#### [Listed records]

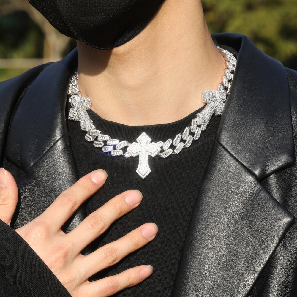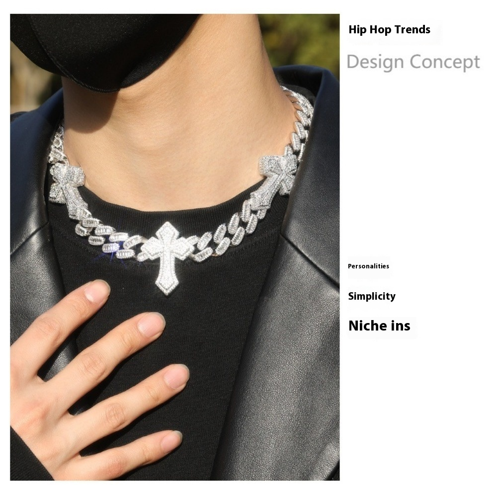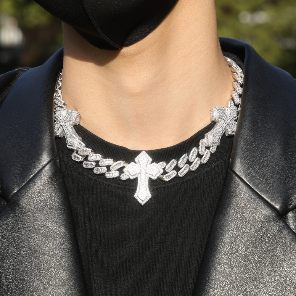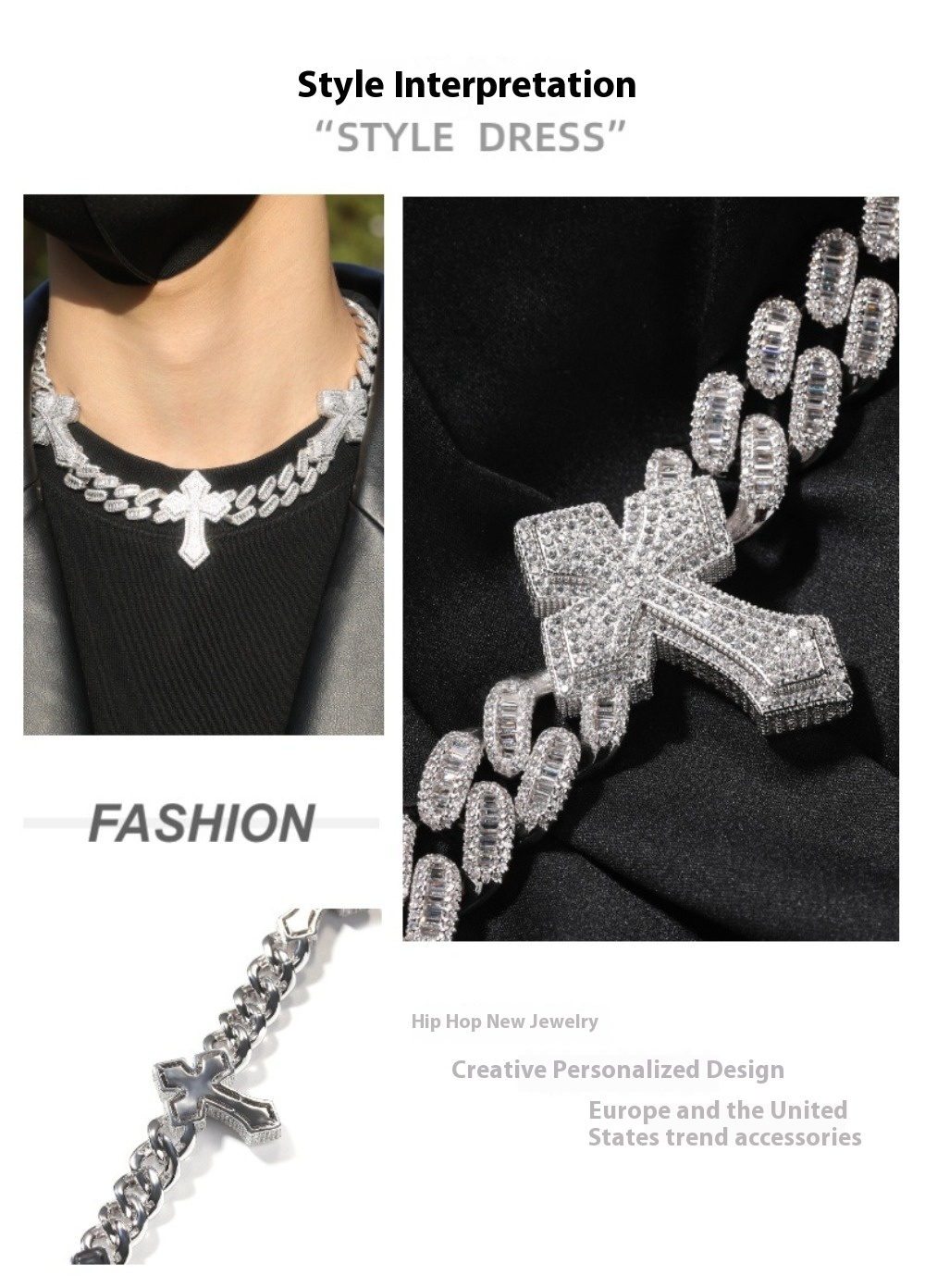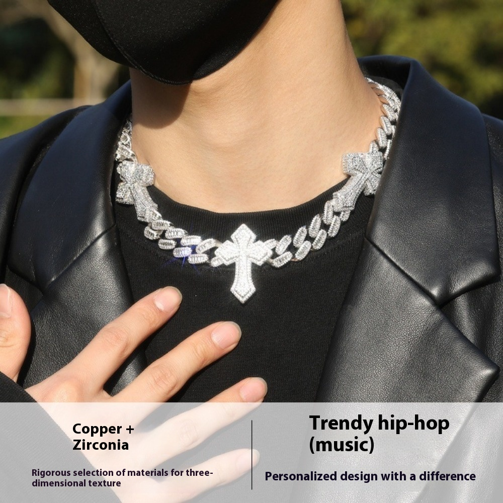 Full zirconia cross Cuban chain - Hiphop men's street dance cool necklace
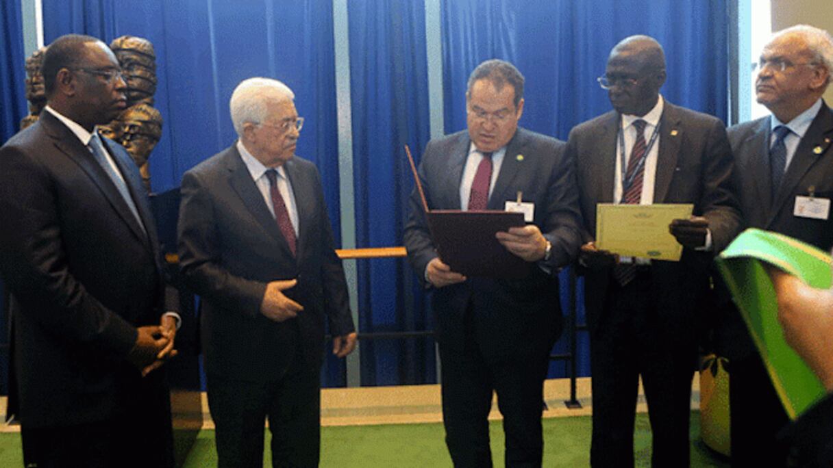 Cette médaille, la plus haute distinction de l'Etat de Palestine, "magnifie les nombreux efforts du président Macky Sall en soutien de la cause palestinienne et en défense des droits inaliénables du peuple palestinien", rapporte mardi la presse locale.Cette distinction remise au président sénégalais en marge de la signature, vendredi dernier, de l'accord de Paris sur le climat, constitue également "un signe de gratitude de l'Etat de Palestine envers le peuple frère du Sénégal pour son engagement constant en faveur de la cause palestinienne", poursuit la même source.En janvier dernier, le Sénégal a réitéré, lors d'un débat public au Conseil de sécurité de l'ONU sur la situation au Moyen-Orient, son soutien au gouvernement palestinien dans sa stratégie visant à intégrer les organisations et conventions internationales pour "une paix définitive avec Israël, sur la base du Droit international et suivant une approche pacifique".Le Sénégal qui a officiellement entamé, début janvier 2016, son mandat en qualité de membre non permanent du Conseil de sécurité, préside le Comité pour l'exercice des droits inaliénables du peuple palestinien.
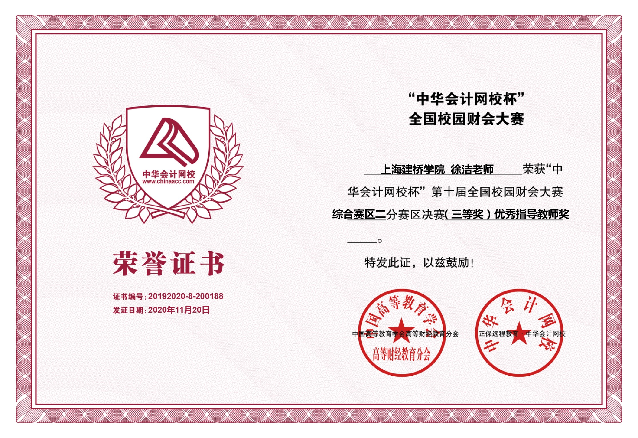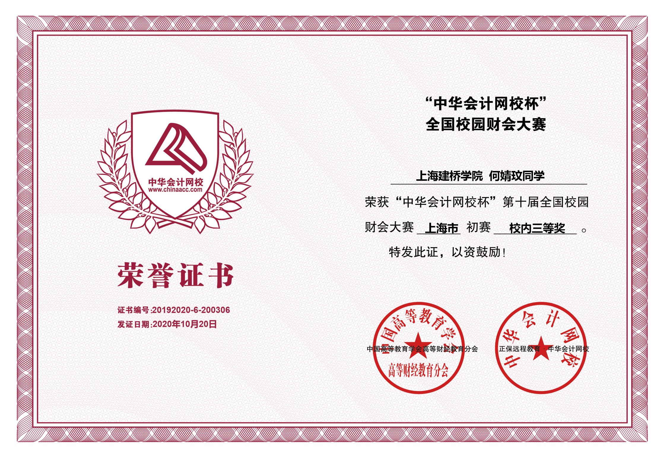 我院会计系黄怡婕、徐洁、刘姝老师指导,经过激烈的竞争角逐,取得良好佳绩:李田芸、刘映雪、吕金博获校内二等奖,何婧玟、郦嘉豪、余芳婷、赵姝媛、朱峻立同学获校内三等奖,其中,安定同学比赛成绩满分,获市内一等奖;段漫琪、胡澜、徐俊同学获全国综合赛区三等奖。
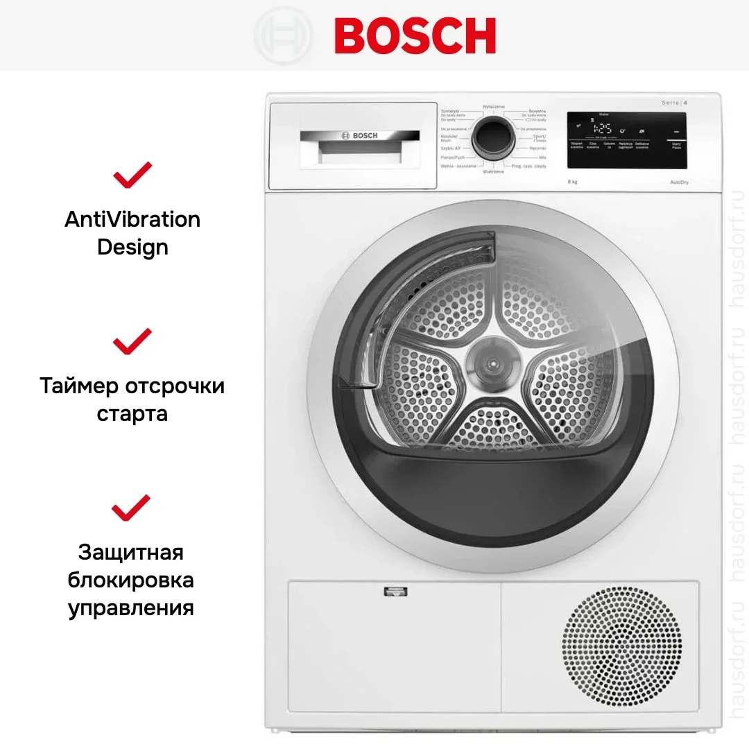 Сушильная машина Bosch WTH85V8EPL — флагманская модель в линейке Bosch (немецкого производства), сушильная машина премиум-класса.
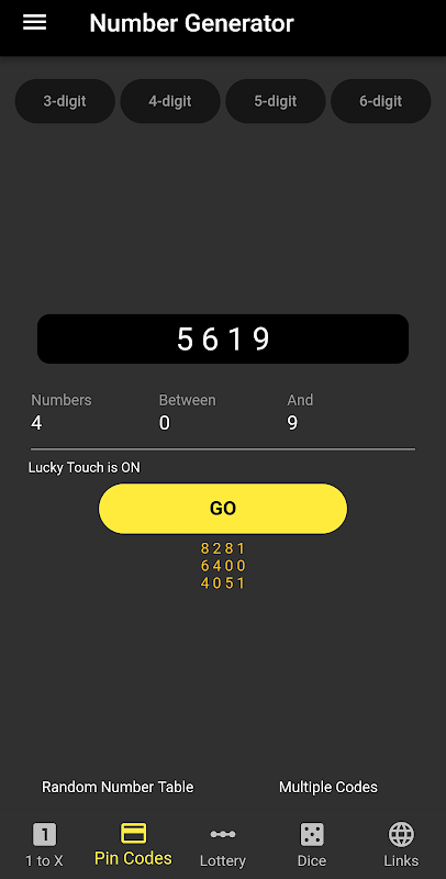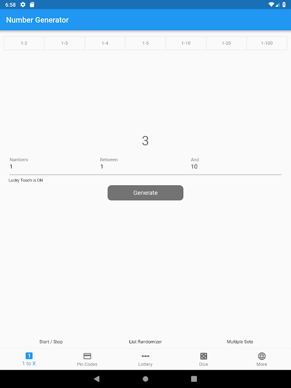 Quickly generate Random Numbers, Lucky Numbers, Pin Codes, Dice Rolls and more

#### [How to complete this task]
The pictures stay out; repeat exactly the lines from the one with "我院会计系黄怡婕、徐洁、刘姝" to the end of the entries above, and nothing else.

#### [Answer to this problem]
 我院会计系黄怡婕、徐洁、刘姝老师指导,经过激烈的竞争角逐,取得良好佳绩:李田芸、刘映雪、吕金博获校内二等奖,何婧玟、郦嘉豪、余芳婷、赵姝媛、朱峻立同学获校内三等奖,其中,安定同学比赛成绩满分,获市内一等奖;段漫琪、胡澜、徐俊同学获全国综合赛区三等奖。
 Сушильная машина Bosch WTH85V8EPL — флагманская модель в линейке Bosch (немецкого производства), сушильная машина премиум-класса.
 Quickly generate Random Numbers, Lucky Numbers, Pin Codes, Dice Rolls and more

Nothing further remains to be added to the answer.